[WHAT TO WORK ON] Starting with the line that has "Колодка клеммная карболитовая Deluxe TB" and finishing with the line that has "- Package List: Mist", set down each line below exactly. Pictures are not copied.

Collection entries
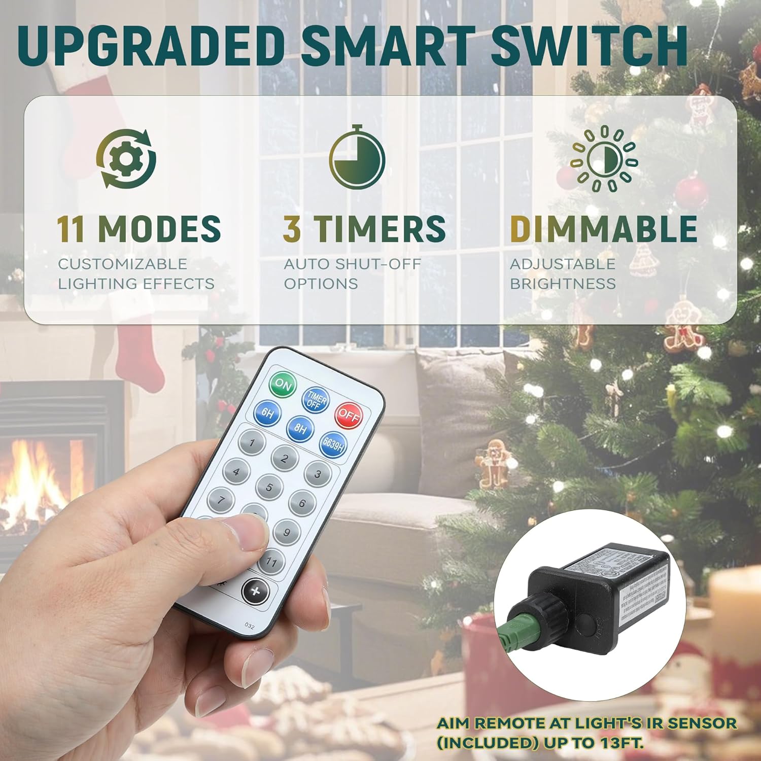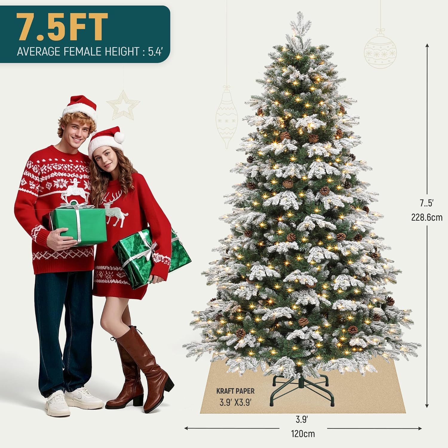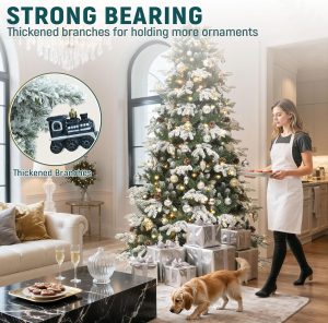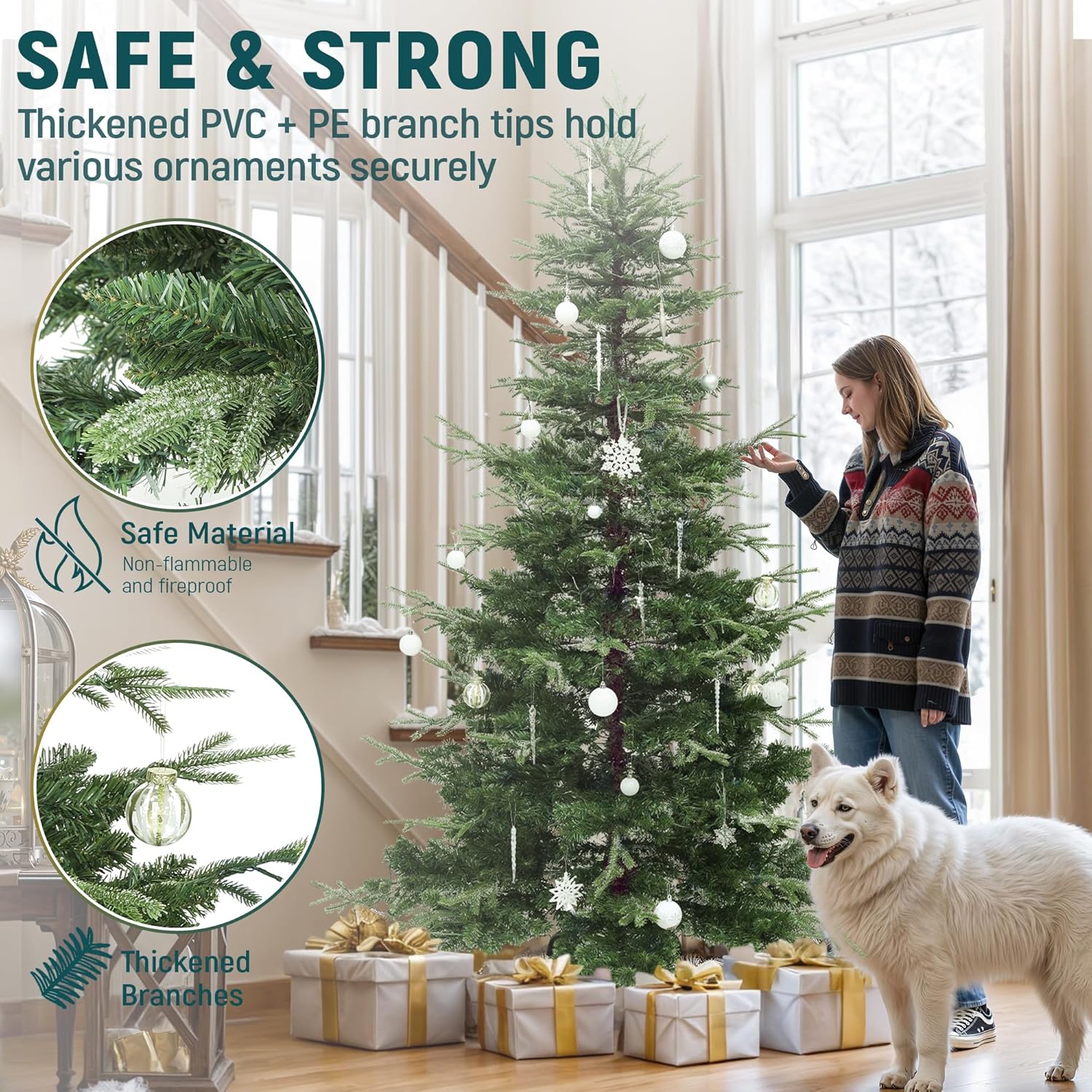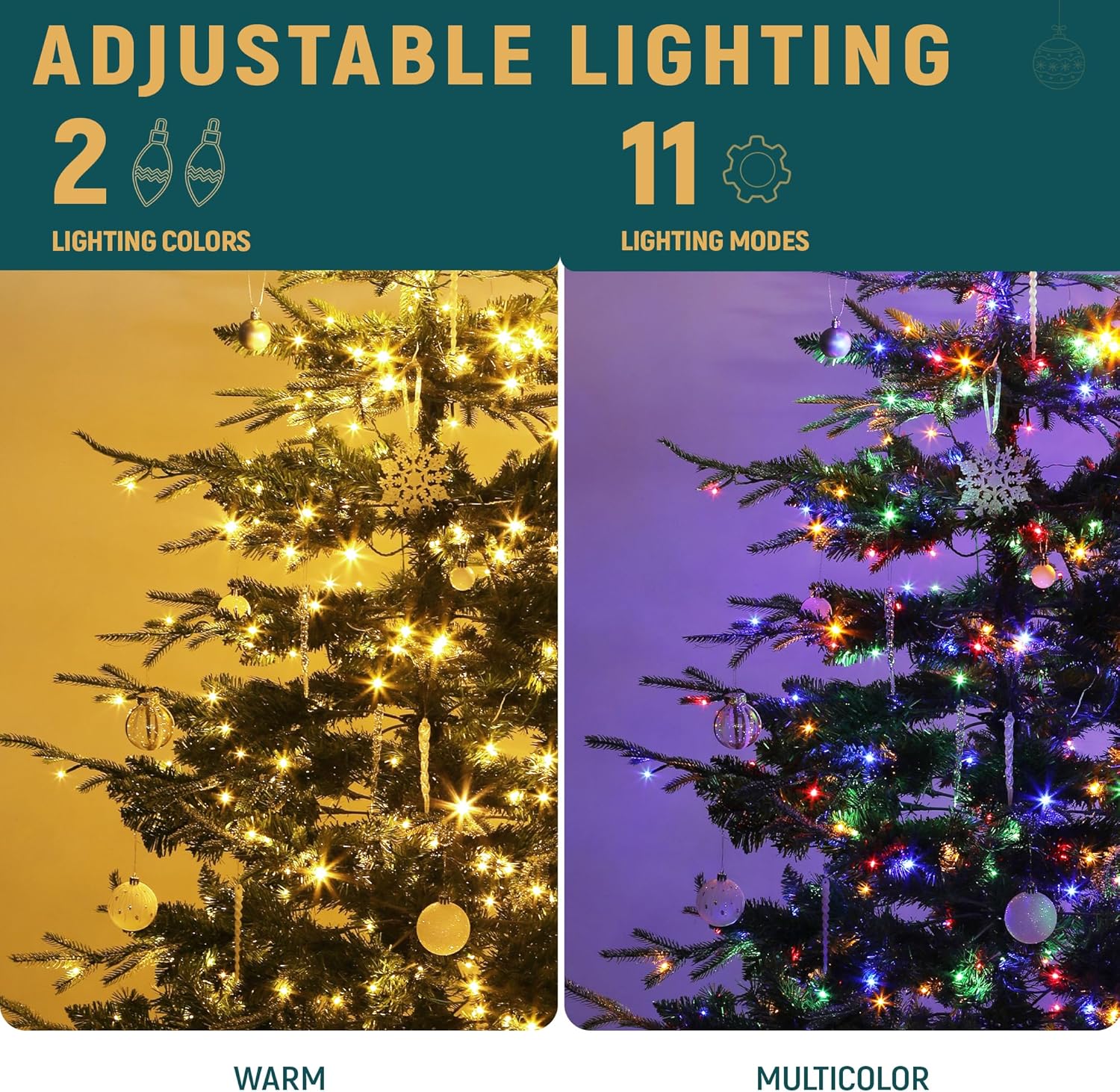 YITAHOME 6.5ft Aspen Fir Pre-Lit Christmas Tree with Remote Control, Crystal-Decorated Prelit Christmas Tree with 900 PE&PVC Mixed Branch Tips, 11 Lighting-Modes, Green
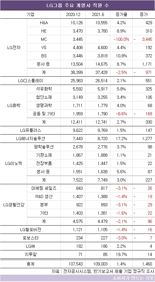 금융감독원 전자공시시스템에 따르면 반기보고서를 제출하는 LG그룹 11개 계열사의 정규직 직원 수는 10만9003명으로 지난해 말 10만7543명에서 1.4% 증가했다.
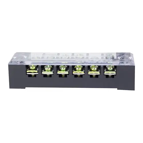 Колодка клеммная карболитовая Deluxe TB - 1506 (15A 6P) (TB - 1506 (15A 6P)) 1 черный TB - 1506 (15A 6P)Колодка клеммная карболитовая Deluxe TВ - 1506 (15A, 6P) Предназначена для надежной коммутации и удобства разводки проводников различных сечений и металлов. Колодка клеммная карболитовая устанавливается в различных низковольтных комплектных устройствах в цепях переменного тока до 600V с частотой 50 Hz. Колодка клеммная карболитовая TВ - представляет собой диэлектрический корпус, в который вмонтировано несколько шин из высококачественной лужёной латуни и металлических зажимов с винтами. Также укомплектована прозрачной защитной крышкой, которая оснащена маркерами для удобства маркировки проводников. 3 184 тг.Greenprice.kzДоставка: из АлматыПожаловатьсяКупить!
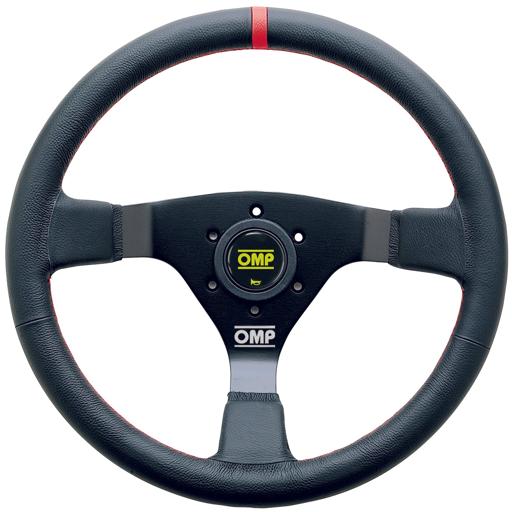 OMP WRC Steering Wheel (70 mm Dish), Black Leather, Black Spokes, Red Stitching
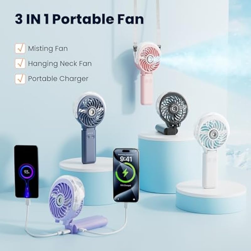 - Package List: Mist fan*1, 50ml Water Bottle*1,USB-C charging cable*1,User Manual*1,Hand Strap*1,Neck Strap*1.
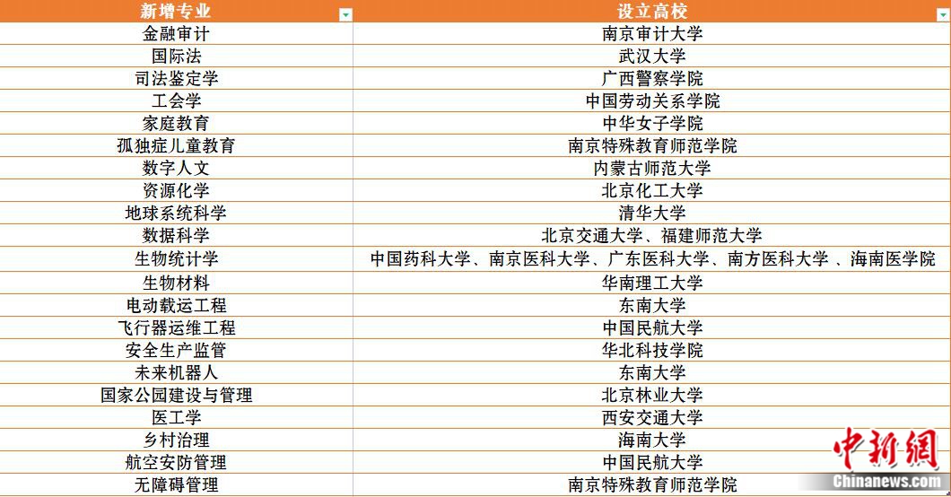 記者梳理發(fā)現(xiàn),21種新專業(yè)涉及10大類,包括金融審計、國際法、司法鑒定學(xué)、工會學(xué)、家庭教育、孤獨癥兒童教育、數(shù)字人文、資源化學(xué)、地球系統(tǒng)科學(xué)、數(shù)據(jù)科學(xué)、生物統(tǒng)計學(xué)、生物材料、電動載運工程、飛行器運維工程、安全生產(chǎn)監(jiān)管、未來機器人、國家公園建設(shè)與管理、醫(yī)工學(xué)、鄉(xiāng)村治理、航空安防管理、無障礙管理。
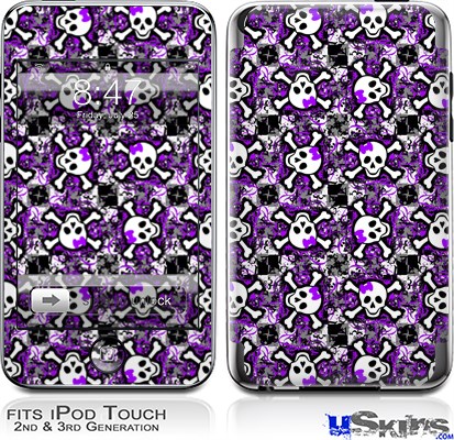 iPod Touch 2G & 3G Skin - Splatter Girly Skull Purple
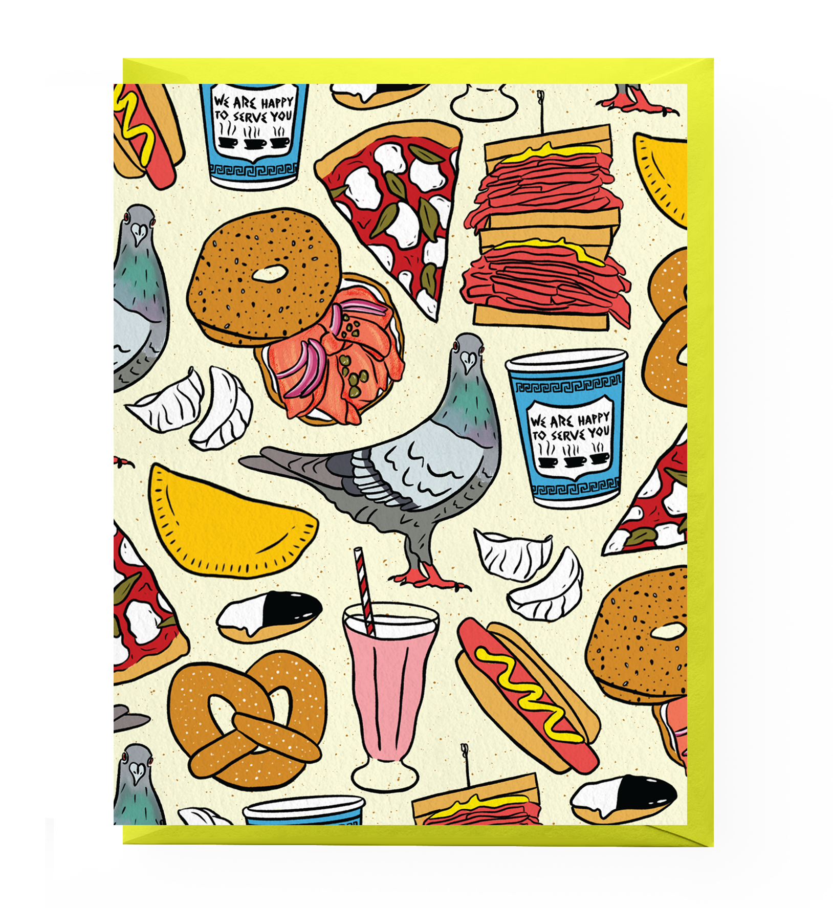 Blank patterned card features pigeons, everything bagels, coffee cups, pretzels, pizza, hot dogs, and more.
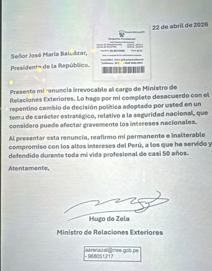 El ministro de Relaciones Exteriores, Hugo de Zela, presentó su renuncia irrevocable al cargo mediante una carta dirigida al presidente de la República, José María Balcázar, con fecha 22 de abril de 2026.

[WRITTEN RESPONSE]
 Колодка клеммная карболитовая Deluxe TB - 1506 (15A 6P) (TB - 1506 (15A 6P)) 1 черный TB - 1506 (15A 6P)Колодка клеммная карболитовая Deluxe TВ - 1506 (15A, 6P) Предназначена для надежной коммутации и удобства разводки проводников различных сечений и металлов. Колодка клеммная карболитовая устанавливается в различных низковольтных комплектных устройствах в цепях переменного тока до 600V с частотой 50 Hz. Колодка клеммная карболитовая TВ - представляет собой диэлектрический корпус, в который вмонтировано несколько шин из высококачественной лужёной латуни и металлических зажимов с винтами. Также укомплектована прозрачной защитной крышкой, которая оснащена маркерами для удобства маркировки проводников. 3 184 тг.Greenprice.kzДоставка: из АлматыПожаловатьсяКупить!
 OMP WRC Steering Wheel (70 mm Dish), Black Leather, Black Spokes, Red Stitching
 - Package List: Mist fan*1, 50ml Water Bottle*1,USB-C charging cable*1,User Manual*1,Hand Strap*1,Neck Strap*1.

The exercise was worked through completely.